Sunday, April 27, 2014

Efficient Markets: Medical

The ERJ family is a very heavy consumer of medical services.  It is not something I am bragging about.  It is simple the launching pad for this post.

How heavy?  We blew through our roughly $4000 deductible by mid-February.  That was all out-of-pocket so we were attempting to economize.  And we still burned money at the annualized rate of $32K/yr.

One of the things we have been introduced to are some alternative sources of medical services.  No, nothing metaphysical or  Just suppliers who have lumpy demand and can flex to provide services in their slow times.

I would love to report that I have had many informative conversations with the billing specialist at this medical provider.  The fact of the matter is that this woman does not return phone calls.  The only time I ever had her call back was after they lost our Social Security numbers.  She was soiling her shorts because they were in violation of multiple Government reporting protocols.  My strong impression based on her behaviors is that she is as baffled by the execution of the billing as everybody else.  She has no clue why some bills are discounted, some evaporate and some are sent to collections.  And the numbers dance from monthly invoice-to-monthly invoice as if they were Disney animates.
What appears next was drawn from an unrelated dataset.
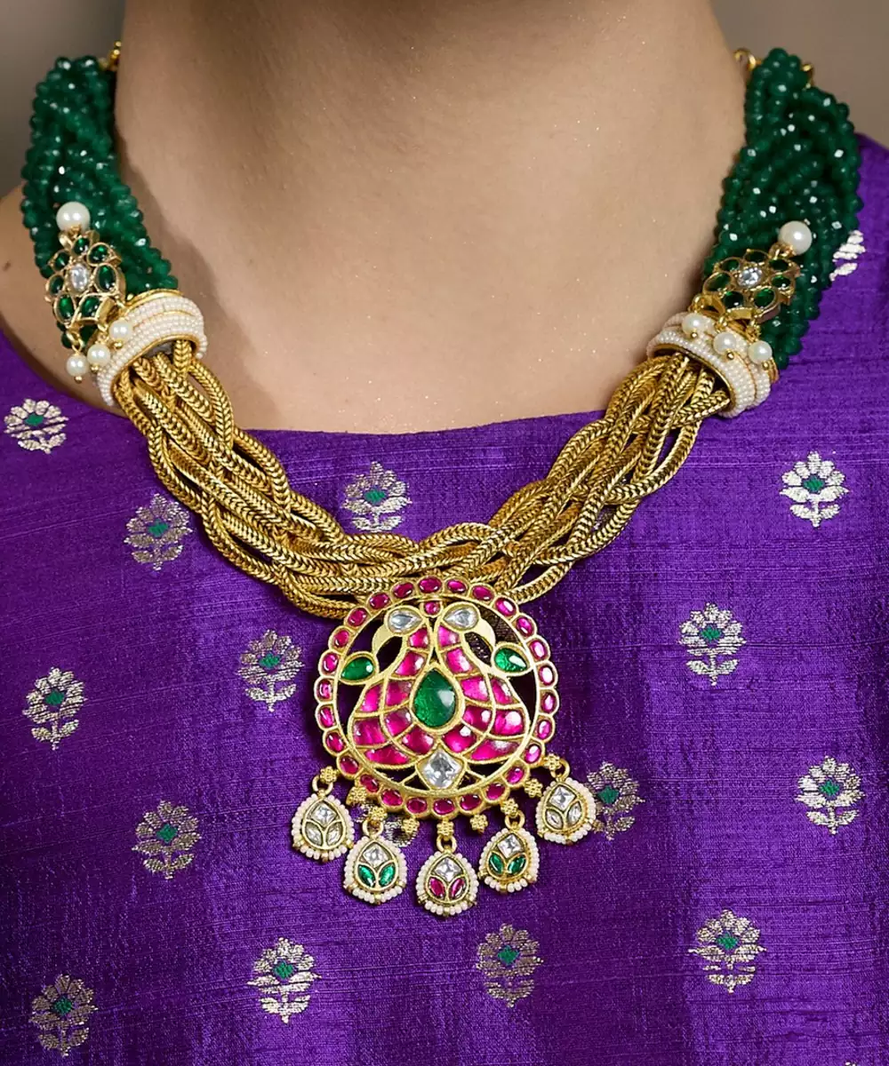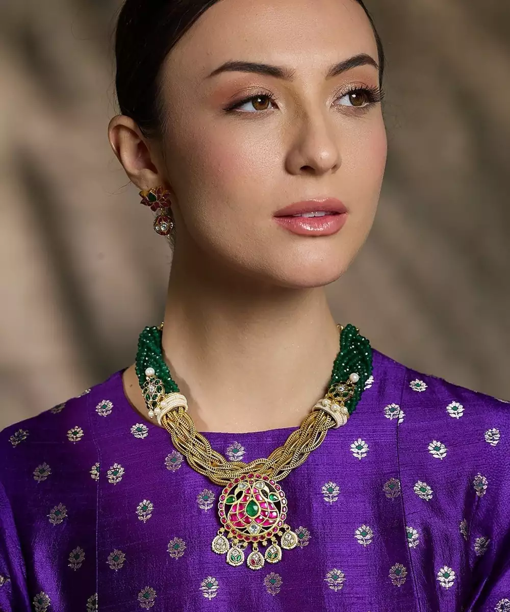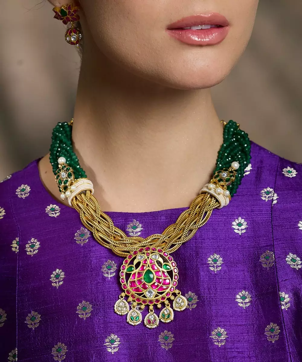 Turn Heads With This Opulent Necklace And Earring Duo, Featuring Shimmering Green Stones, Sparkling Red Gems, And Lavish Gold Accents. Perfectly Crafted To Exude Royal Elegance, It's A Timeless Treasure For Festive Occasions And Graceful Appearances. Add Matching Earrings & Accessories To Complete The Look.
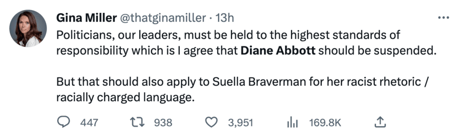 “Politicians, our leaders, must be held to the highest standards of responsibility which is I agree that Diane Abbott should be suspended. But that should also apply to Suella Braverman for her racist rhetoric/racially charged language.”

The wise and lovely Mrs ERJ decided that we will mail them a check for $50 every month to show good faith while their software give a credible imitation of a dog with dengue fever attempting to pass a peach pit.

How Markets Work

One of the enablers for markets to work efficiently is that the "list price" must be closely linked to the actual "transaction price".

Markets are efficient when the list (or asking) price has information embedded within it.  A very small bird flying over the punch bowl can pollute it to the point where it is unusable.  Likewise, a very small amount of chaos can pollute the information embedded within the pricing enough to destroy efficiency.

The Housing Market

Consider the housing market when times are good.  The typical seller will get three appraisals and pick a price that is ten percent higher than the mid-point between the two highest appraisals.  When times are good it is easy to compare prices because every seller inflates the price by a similar amount and leaves about the same amount of fluff that can be negotiated away.

Consider the housing market when times are bad.  Some sellers will follow the "old" rule or perhaps they put their house on the market when times were good and the list price is a legacy from that time.  Many other sellers will follow a process similar to the one described above but will add a cushion of 30%-to-40%.  Their logic is that gives them more room to make concessions, that the buyer can think they really beat the seller down...and the seller can still get an acceptable price.

The market becomes chaotic as the linkage between asking price and transaction price becomes less predictable.  It becomes impossible for shoppers to perform metric driven sorts to narrow the universe of choices.  A buyer cannot winnow through a thousand properties and select the 5 best alternatives for actual boots-on-the-ground visits.

The market for medical services is an order of magnitude more chaotic than the real estate market.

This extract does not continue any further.